Data over vervolgbehandelingen werden verzameld en gerapporteerd. Deblinderen voor de gegeven behandeling was toegestaan bij ziekteprogressie. De MMR-status werd lokaal of centraal bepaald. Voor de lokale bepaling waren zowel immunohistochemie van de MMR-eiwitten als MSI-bepaling middels next generation sequencing (NGS) of polymerasekettingreactie (PCR) toegestaan. Centrale MMR-bepaling gebeurde met behulp van immunohistochemie (Ventana MMR RxDx-panel, Roche). Na randomisatie werd de uitslag van de MMR-bepaling wel centraal beoordeeld; deze uitslag was leidend voor de MMR-classificatie bij primaire analyse.

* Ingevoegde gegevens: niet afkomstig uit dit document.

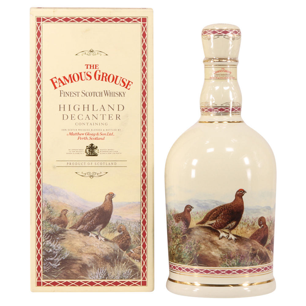 A bottle of Famous Grouse housed within a ceramic 'Highland' decanter. First blended by Matthew Gloag & Son in 1896, as of 2013, it has been the highest selling brand of whisky in Scotland since 1980.

Volgens het ontwerp van de studie waren 470 patiënten, waarvan 118 patiënten met een dMMR-tumor, nodig om met een power van 89 procent en een eenzijdige alfa van 0,020 een HR van 0,50 vast te kunnen stellen voor ziekteprogressie of overlijden. Omdat de studie twee primaire eindpunten kende werd de eenzijdige alfa van 0,025 verdeeld over de PFS (0,02) en de OS (0,005). De PFS werd hiërarchisch getest: eerst in de dMMR-groep en bij een positieve uitkomst vervolgens in de ITT-populatie. Bij een positieve uitkomst van beide PFS-analyses kon de alfa worden meegenomen naar de OS-analyse zodat de totale alfa voor OS in dat geval uitkomt op 0,025. In het onderzoeksprotocol was vastgelegd dat niet meer dan 50 patiënten met een carcinosarcoom, niet meer dan 120 patiënten met een dMMR-endometriumcarcinoom en niet meer dan 350 patiënten met een pMMR-endometriumcarcinoom geïncludeerd werden. Vooraf was een interim-analyse gepland op het moment waarop 77 PFS-events waren opgetreden of na 36 maanden in de groep van 118 te includeren patiënten met een dMMR-endometriumcarcinoom; de eindanalyse was voorzien bij 91 PFS-events. De eerste interim-analyse voor OS in de ITT-populatie was gepland tegelijkertijd met de eerste PFS-interim-analyse in de dMMR-/MSI-H-populatie.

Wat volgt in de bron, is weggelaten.